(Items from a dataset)
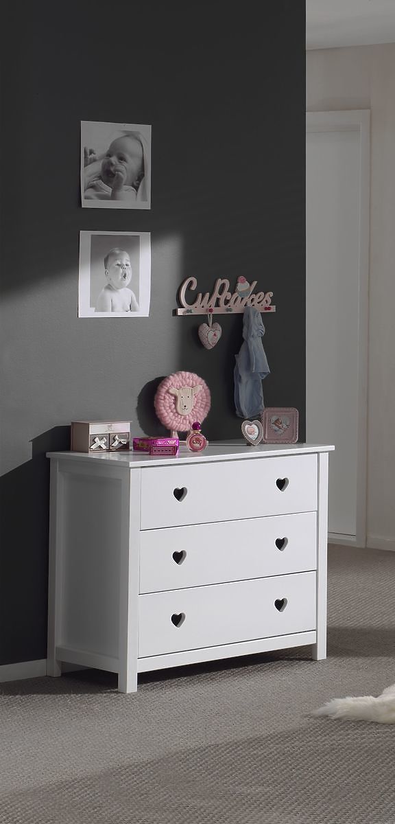 Krásná komoda Amori v bílém provedení, vyrobená v Belgii, pro kterou jsou charakteristické čisté elegantní linie s krásným detailem vyřezaných srdíček.
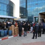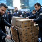 Balkan Kongre Merkezi’nde toplanan ekip, üniversite personelinin topladığı yardım malzemelerini insan zinciri oluşturarak tıra yükledi.
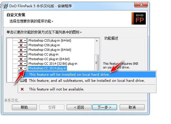 5、根据自己计算机上的photoshop软件版本选择对应版本的软件(Photoshop CC及以上版本选择photoshop CC 2014plug-in),然后单击前方的倒三角,在下拉菜单下单击“This feature will be instlled on local hardware”;
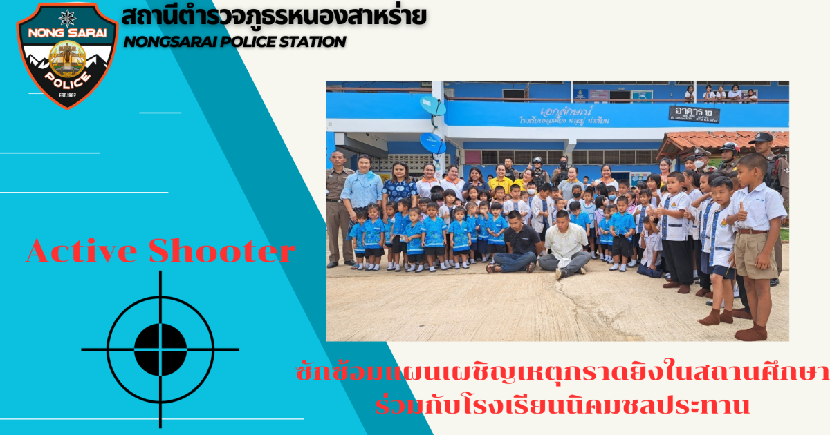 พ.ต.อ.ฐิติภัทร อุณเวทย์วานิช ผกก.สภ.หนองสาหร่าย มอบหมายให้ พ.ต.ท.เกรียงศักดิ์ อัฑฒพงษ์ รอง ผกก.ป.สภ.หนองสาหร่าย พ.ต.ต.พงษ์ธร ใหญ่นอก สวป.สภ.หนองสาหร่าย พร้อมด้วย ร้อยเวร (20) สายตรวจรถจักรยานยนต์ จราจร สภ.หนองสาหร่าย ออกประชาสัมพันธ์และแนะนำวิธีเอาตัวรอดให้กับโรงเรียนนิคมชลประทานสงเคราะห์ อ.ปากช่อง จ.นครราชสีมา ในด้านการป้องกันตนเอง ชึ่งเน้นการทำงานเชิงรุก เพื่ออบรมให้ความรู้ จำลองสถานการณ์ หากมีสถานการณ์ที่อาจกระทบต่อชีวิตและทรัพย์สิน ตลอดจนวิธีเอาตัวรอด เมื่อตกอยู่ในสถานการณ์ที่คับขัน ไม่ปลอดภัย (อาทิเช่น เหตุ Active Shooter บุคคลคลุ้มคลั่ง วิกลจริต หรือเหตุการณ์ที่อาจเป็นอันตราย หรือกระทบต่อชีวิตและทรัพย์สิน) โดยยึดหลัก Run Hide Fight “หนี ซ่อน สู้”ตามยุทธวิธีตำรวจ โดยมีขั้นตอนดังต่อไปนี้
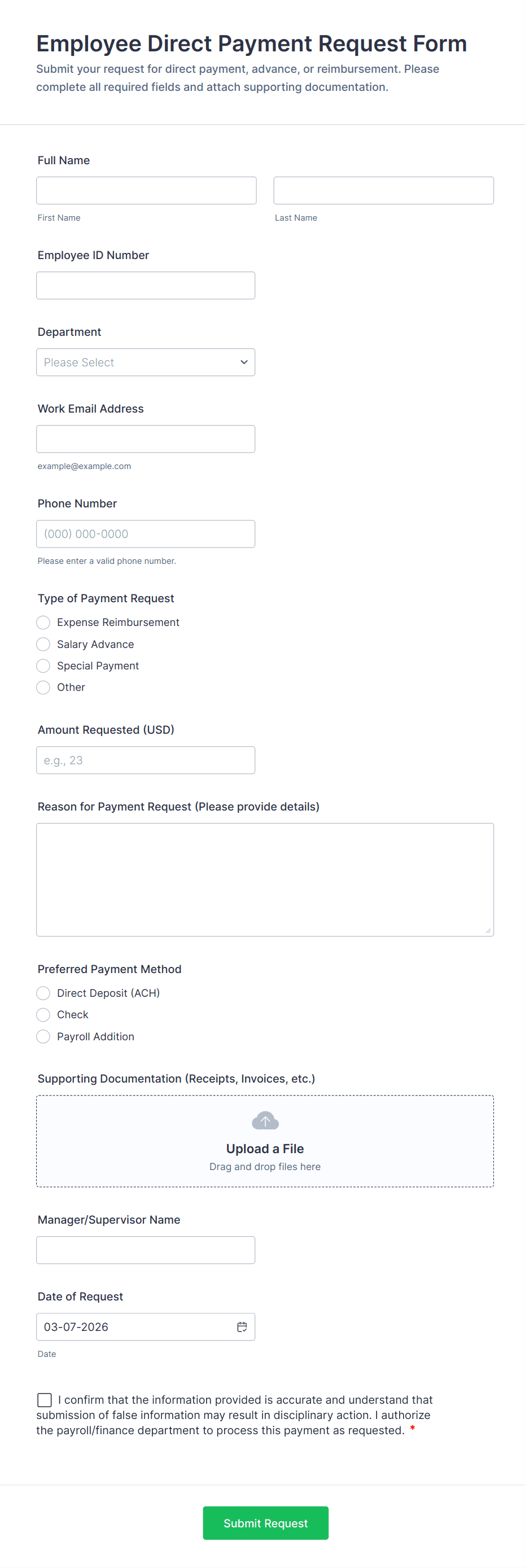 All hiring, insurance, disciplinary, incident report, time-off, and survey processes will involve HR forms. Other common use cases for HR forms are for payroll and compensation, promotions, and conflict resolution.

**THE TASK**
Find the line containing "feature will be" in the records above and restate it, and each line after it through the end, word for word, dropping the pictures.

**EXPECTED OUTPUT**
 5、根据自己计算机上的photoshop软件版本选择对应版本的软件(Photoshop CC及以上版本选择photoshop CC 2014plug-in),然后单击前方的倒三角,在下拉菜单下单击“This feature will be instlled on local hardware”;
 พ.ต.อ.ฐิติภัทร อุณเวทย์วานิช ผกก.สภ.หนองสาหร่าย มอบหมายให้ พ.ต.ท.เกรียงศักดิ์ อัฑฒพงษ์ รอง ผกก.ป.สภ.หนองสาหร่าย พ.ต.ต.พงษ์ธร ใหญ่นอก สวป.สภ.หนองสาหร่าย พร้อมด้วย ร้อยเวร (20) สายตรวจรถจักรยานยนต์ จราจร สภ.หนองสาหร่าย ออกประชาสัมพันธ์และแนะนำวิธีเอาตัวรอดให้กับโรงเรียนนิคมชลประทานสงเคราะห์ อ.ปากช่อง จ.นครราชสีมา ในด้านการป้องกันตนเอง ชึ่งเน้นการทำงานเชิงรุก เพื่ออบรมให้ความรู้ จำลองสถานการณ์ หากมีสถานการณ์ที่อาจกระทบต่อชีวิตและทรัพย์สิน ตลอดจนวิธีเอาตัวรอด เมื่อตกอยู่ในสถานการณ์ที่คับขัน ไม่ปลอดภัย (อาทิเช่น เหตุ Active Shooter บุคคลคลุ้มคลั่ง วิกลจริต หรือเหตุการณ์ที่อาจเป็นอันตราย หรือกระทบต่อชีวิตและทรัพย์สิน) โดยยึดหลัก Run Hide Fight “หนี ซ่อน สู้”ตามยุทธวิธีตำรวจ โดยมีขั้นตอนดังต่อไปนี้
 All hiring, insurance, disciplinary, incident report, time-off, and survey processes will involve HR forms. Other common use cases for HR forms are for payroll and compensation, promotions, and conflict resolution.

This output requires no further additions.